The current term of the Advisory Agreement between the Company and the Advisor ends on March 31, 2027, subject to an unlimited number of one-year renewals upon mutual consent of the Company and the Advisor.

Asset management fees payable to the Advisor are remitted quarterly in arrears and are equal to 0.50% (2.00% per annum) of Gross Asset Value, as defined in the Advisory Agreement between the Company and the Advisor. Asset management fees are paid to the Advisor in exchange for fund management and administrative services. Although the Advisor manages, on the Company’s behalf, many of the risks associated with global investments in developing economies, management fees do not include the cost of any hedging instruments or insurance policies that may be required to appropriately manage the Company’s risk.

If certain financial goals are reached by the Company, the Company is required to pay the Advisor an incentive fee that is comprised of two parts: (i) a subordinated fee on net investment income and (ii) an incentive fee on capital gains. The subordinated incentive fee on income is calculated and payable quarterly in arrears and is based upon the Company’s pre-incentive fee net investment income for the immediately preceding quarter. No subordinated incentive fee is earned by the Advisor in any calendar quarter in which the Company’s pre-incentive fee net investment income does not exceed the quarterly preferred return rate of 1.50% (6.00% annualized) (the “Preferred Return”). In any quarter, all of the Company’s pre-incentive fee net investment income, if any, that exceeds the quarterly Preferred Return, but is less than or equal to 1.875% (7.50% annualized) at the end of the immediately preceding fiscal quarter, is payable to the Advisor. For any quarter in which the Company’s pre-incentive fee net investment income exceeds 1.875% on its net assets at the end of the immediately preceding fiscal quarter, the subordinated incentive fee on income equals 20% of the amount of the Company’s pre-incentive fee net investment income.
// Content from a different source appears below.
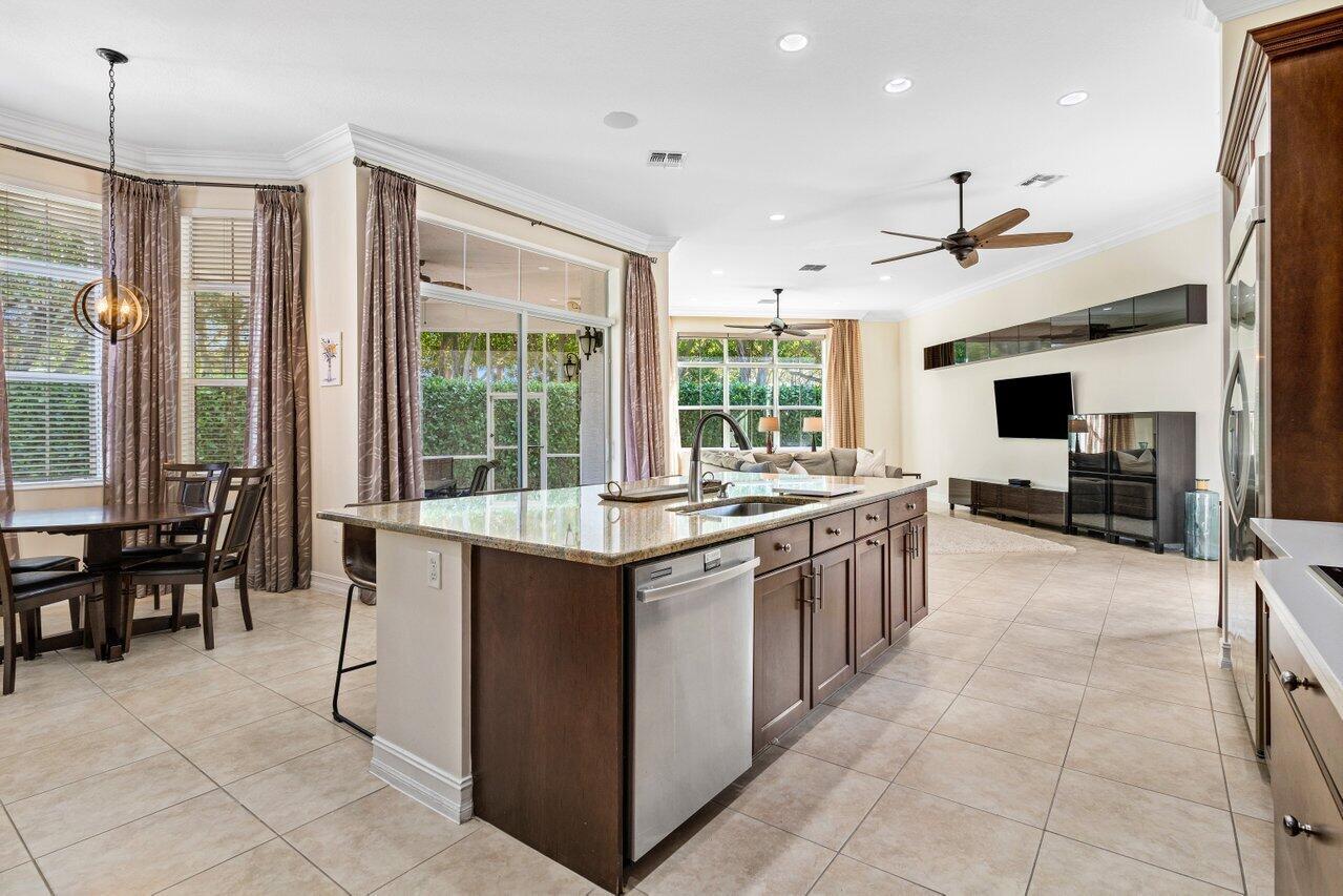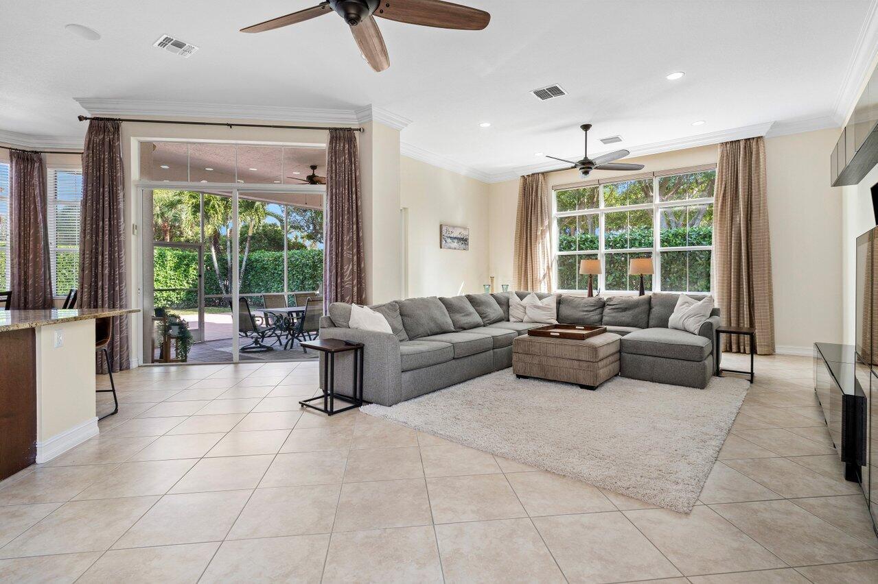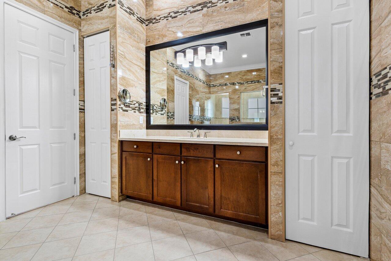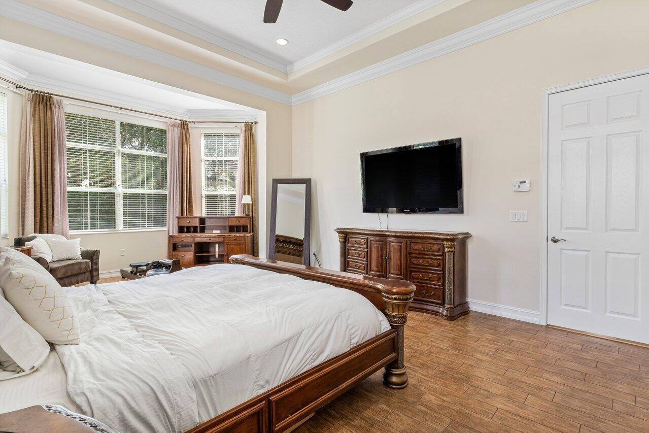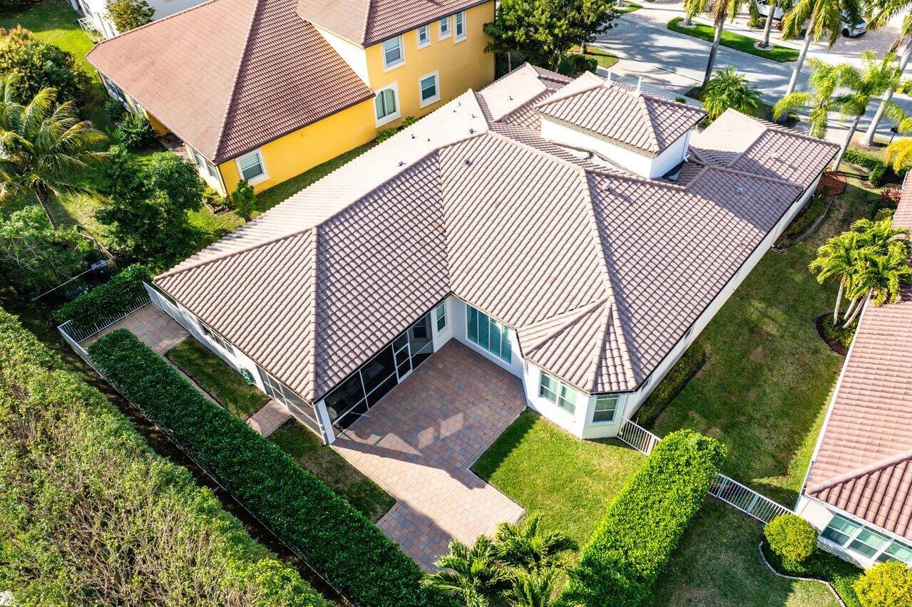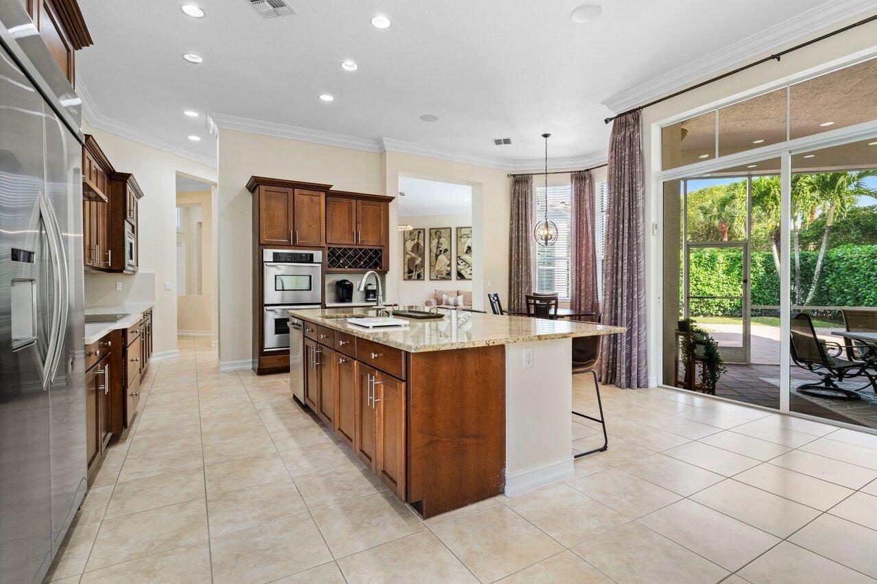 Welcome to this exquisite single-story, 5-bedroom, 4.5-bathroom estate with a 3-car garage, nestled in the highly sought-after community of Olympia. From the moment you arrive, the lush tropical landscaping and oversized circular paver driveway create an impressive entrance, setting the stage for the elegance within. Step inside to find soaring 11-foot ceilings, diagonal tile flooring, upgraded baseboards, and tray ceilings with intricate crown molding, all enhancing the home’s luxurious feel. Natural light floods through large plantation-shuttered windows, illuminating the thoughtfully designed spaces. The formal living room features an electric fireplace, recessed LED lighting, and a refined ambiance, perfect for welcoming guests. The adjacent formal dining room, with its

An incentive fee on capital gains will be earned on investments sold and shall be determined and payable to the Advisor in arrears as of the end of each calendar year. The incentive fee on capital gains is equal to 20% of the Company’s realized capital gains on a cumulative basis from inception, computed net of all realized capital losses and unrealized capital depreciation on a cumulative basis, less the aggregate amount of any previously paid incentive fees on capital gains. The Company did not accrue an incentive fee on capital gains for the years ended December 31, 2025 and 2024 as no capital gains were recognized from the sale of investments and the applicable hurdle was not met during those periods. In the fourth quarter of 2022, our Advisor determined to voluntarily waive all incentive fees that may become due and payable to our Advisor for the year ended December 31, 2023. This is a waiver, rather than a deferral, and any amounts waived for 2023 will not be paid to our Advisor in the future.

Repurchase Agreement

On October 31, 2022, the Company entered into a transaction with an unrelated financial institution, whereby it sold a $5.0 million participation interest in one of its term loan positions and agreed to repurchase the participation 135 days after the transaction date at a price equal to the sum of the original sales price plus accrued interest calculated at a simple 10% annualized rate. On May, 4, 2023, the Company's repurchase deadline was extended to October 2023. Subsequent amendments to the agreement, including a fourth extension through June 18, 2025, modified the terms such that the participation was no longer required to be recorded as an asset, nor the related repurchase obligation as a liability. Under the revised terms, the transaction was more appropriately deemed to be a put option requiring the Company to repurchase the participation at the option of the buyer at a future fixed price while the buyer was no longer obligated to sell the participation to the Company. Therefore, it was not recorded as a liability. As of June 18, 2025, upon the expiration of the most recent amendment, the fixed repurchase price of approximately $2.9 million became a binding obligation due to the Company's guarantee to repurchase. Consequently, both the related asset and corresponding liability were recognized on June 18, 2025.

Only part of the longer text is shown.